I was not going to respond to this post. It is too incredulous, for ME, anyway.

Then I revved up my "Think-U-Later"...a borrowed term.

Your 'take' on this is *Extremely Cerebral*. For the rest of us your situation equals tragedy. For you? Not so much...?

And "there in" is your Strength.........and your problem. Your strength, such that it allows you to cope with extremely stressful situations that would fold over lesser souls.

Your Problem? You likely come across as "brainy", cool, collected.....and not as passionate as some other "women". You do not "get lost" in your passion.

You approach sex openly and fearlessly. That is good, it really is. But "maybe" *your heart is used only as a means to actuate your body and your motions and not for smiles, anger, passion, lust.*

Cerebral people use their brains [primarily] instead of their hearts. 

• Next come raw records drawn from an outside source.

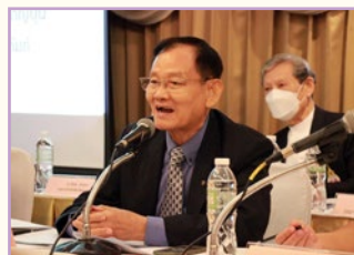
นายกฯ และคณะกรรมการร่วมกล่าวรายงาน
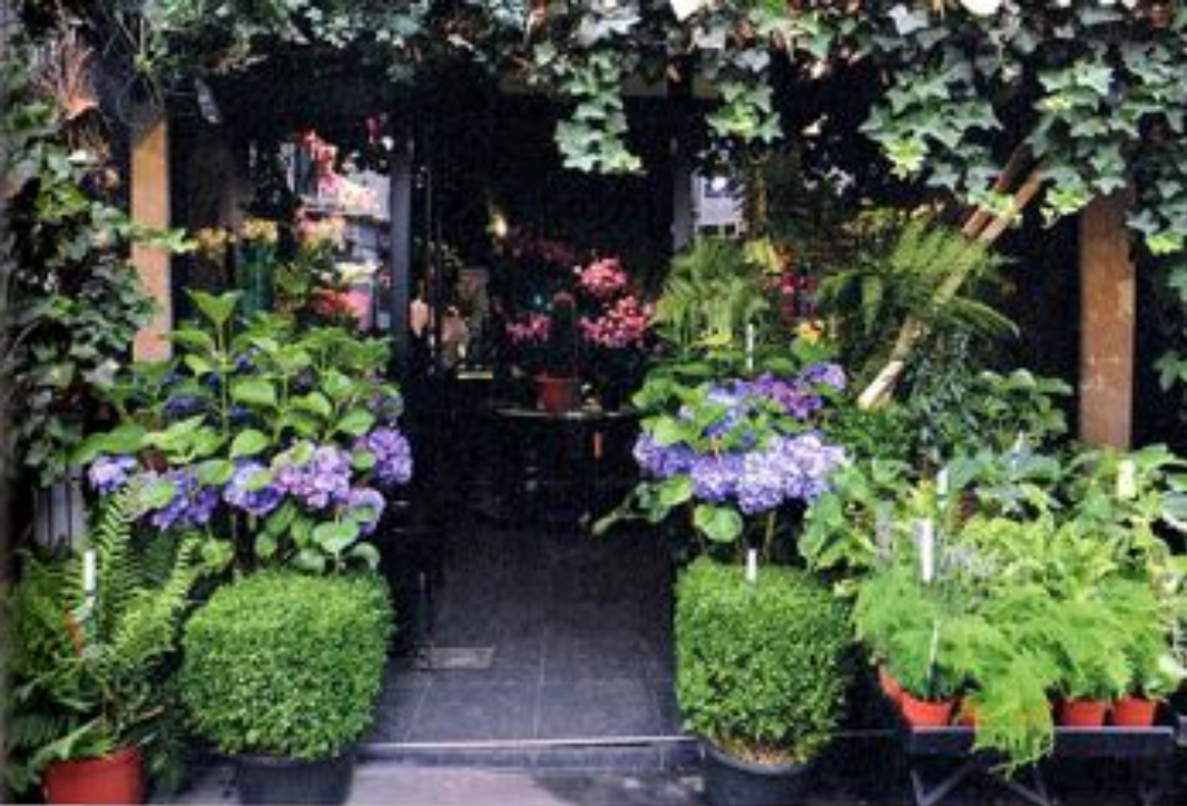
上：床先に置いた大きなプランターから、2、3種のアイビーのツルをはわせて、ファサードをふちどる。左中：壁に囲まれるウィンドウに記されたロゴ。右下：小さなガラス花瓶に、コチョウランを並べて、右下：バラとビバーナムをいけた花瓶の水は、神秘的なブルーに染めて。
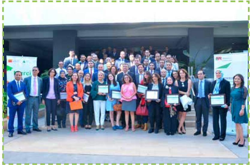
Collaborateurs bénévoles auprès de l'association INJAZ Al-Maghrib en 2018
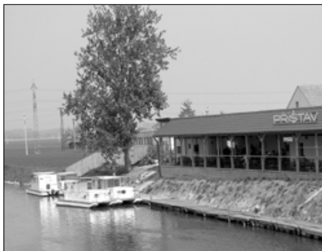
Výletní loď Pannonia I, Pannonia II a Havaj odpluly, v přístavu zůstala jen menší plavidla.
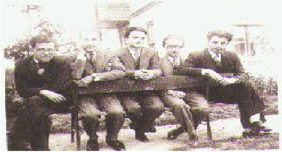
resim 2 Türk Beşleri

tutumlarıyla bir tepkiyi temsil ederken, Türk Beşleri diye adlandırılarak ortak bir çizgiye çekilmek istenen besteciler, yeni kurulan Cumhuriyet rejiminin resmi müzik politikasını gerçekleştirmeye girişmişlerdir. Beş besteci bazı ortak özellikler taşımakla birlikte, gerek kişiliklerinden, gerek müzik öğrenimi aldıkları çevrelerden kaynaklanan üslup farklılıkları da göstermişlerdir.
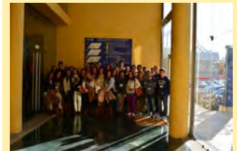
IES José Cadalso

Más de 150 alumnos han podido visitar las instalaciones del CNA durante la Semana de la Ciencia.

Maybe the Other Women is less intelligent but is driven by her passions. She is also likely more resistant to your husbands demands. She is not so obliging, so easy to get along with.....more of a challenge.

I have no problem with your approach to life and your intelligence. Your husband? Seems so.


----------



## Cynthia (Jan 31, 2014)

Sinner said:


> I have already stated I am going to get the ball rolling on resolution. I can only take this one step at a time, one day at a time. and before I can move on to step b or c, I have to start with step A. I appreciate everyone's input, I really do.


What is step A, B, C, etc.? Knowing what you plan to do would help us answer you with understanding.


----------



## Sinner (Oct 23, 2016)

SunCMars, you could be a tiny bit right... I am analytical. But one of the things I have learned over the course of nearly 30 years of being with the same person... highly strung emotional conflicts rarely get anyone anywhere. Has it happened to me? Absolutely. I've let my emotions go and railed on folks, right or wrong, in the heat of the moment. It's not something I'm proud of, and generally speaking, makes me feel awful afterwards.

My WH used to be VERY hot-headed, and when he got angry it was instant blow-up, then calm talk later. He's mellowed with age, and he has been through many many workshops at work that taught him to deal calmly with angry customers... thru that, he has learned to cool down when the instinct is to blow up, and can calmly work through things in a rational manner. Because he has used that so much around me as well, I have also learned how to detach from the emotional side in order to be more rational and logical. Please don't mistake that for lacking passion... although I can certainly see where people would say that about me.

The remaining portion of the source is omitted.